8. The method according to any one of claims 1 to 7, wherein the target detection method is performed using a neural network including a feature extraction network for obtaining feature information of an image to be detected, a first detection network for obtaining a first bounding box for a target object, and a second detection network for obtaining a second bounding box for the target object; the method further comprises the following steps:

and performing end-to-end training on the feature extraction network, the first detection network and the second detection network by using a sample image, wherein the sample image is marked with a first boundary box of a target object and a corner of the target object.

9. The method of claim 8, wherein the sample image is further labeled with direction information of a target object, the direction being characterized by one of the edges of the target object.

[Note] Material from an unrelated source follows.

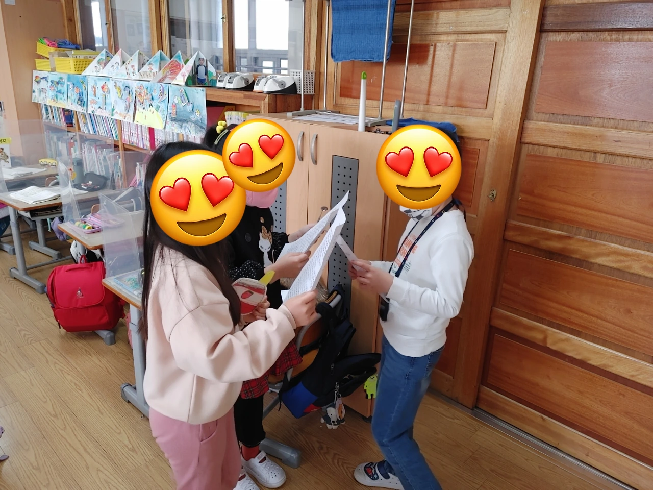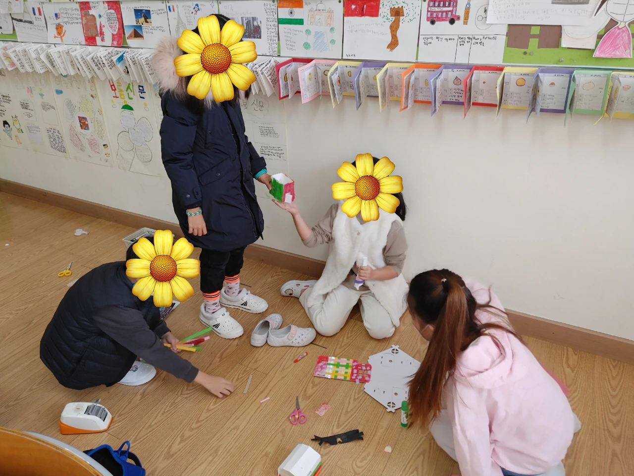 아이들은 이번 주 월요일부터 다음 주에 실시될 학급 학예발표회를 위해 부지런히 연습 중이다. 3~6명으로 팀을 이룬 아이들은 수업 시간에 배운 내용들 중 발표할 영역을 스스로 선택했다. 연극팀, 세계의 민속춤팀, 합동 줄넘기팀, 만들기 작품 제작팀, 그리기 작품 제작팀 등, 팀별로 맡은 프로그램에 대해 팀원들과 의논해 계획하고 연습하는 일련의 과정을 해내는 중이다. 처음에 세웠던 계획이 생각보다 실현하기 어렵거나 더 나은 의견이 있을 때는 수정, 보완도 스스로 한다. 그 과정에는 마음이 맞지 않은 친구와의 갈등, 생각했던 것보다 잘 되지 않을 때 오는 답답함, 다른 팀보다 자기 팀의 진행이 더딘 것만 같은 초조함 등 다양한 아이들의 감정들이 함께 얽힌다.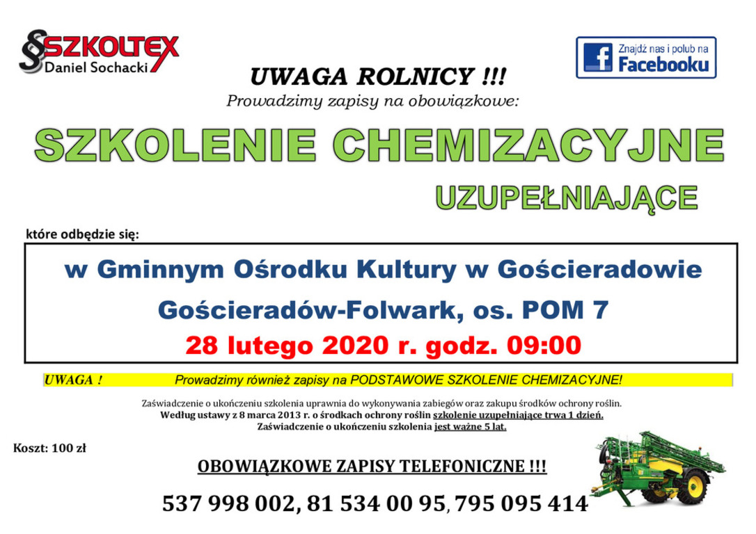 Obowią zkowe szkolenie ze stosowania środków ochrony roślin dla mieszkańców gminy Gościeradów. Szkolenie odbędzie się 28.02.2020 o godz. 9:00 w Gminnym Ośrodku Kultury w Gościeradowie.

10. An object detection apparatus, characterized in that the apparatus comprises:

the first acquisition unit is used for acquiring the characteristic information of the image to be detected;

the second acquisition unit is used for acquiring a first boundary frame of the target object according to the characteristic information;

and the determining unit is used for obtaining a second boundary box based on the feature information and the first boundary box, and determining a region to be identified according to an image region corresponding to the second boundary box, wherein a vertex of the second boundary box is positioned on the first boundary box and corresponds to a corner of the target object.

11. An electronic device, comprising a memory for storing computer instructions executable on a processor, the processor being configured to implement the method of any one of claims 1 to 9 when executing the computer instructions.

12. A computer-readable storage medium, on which a computer program is stored, which, when being executed by a processor, carries out the method of any one of claims 1 to 9.

13. A computer program product comprising a computer program, characterized in that the computer program realizes the method of any of claims 1 to 9 when executed by a processor.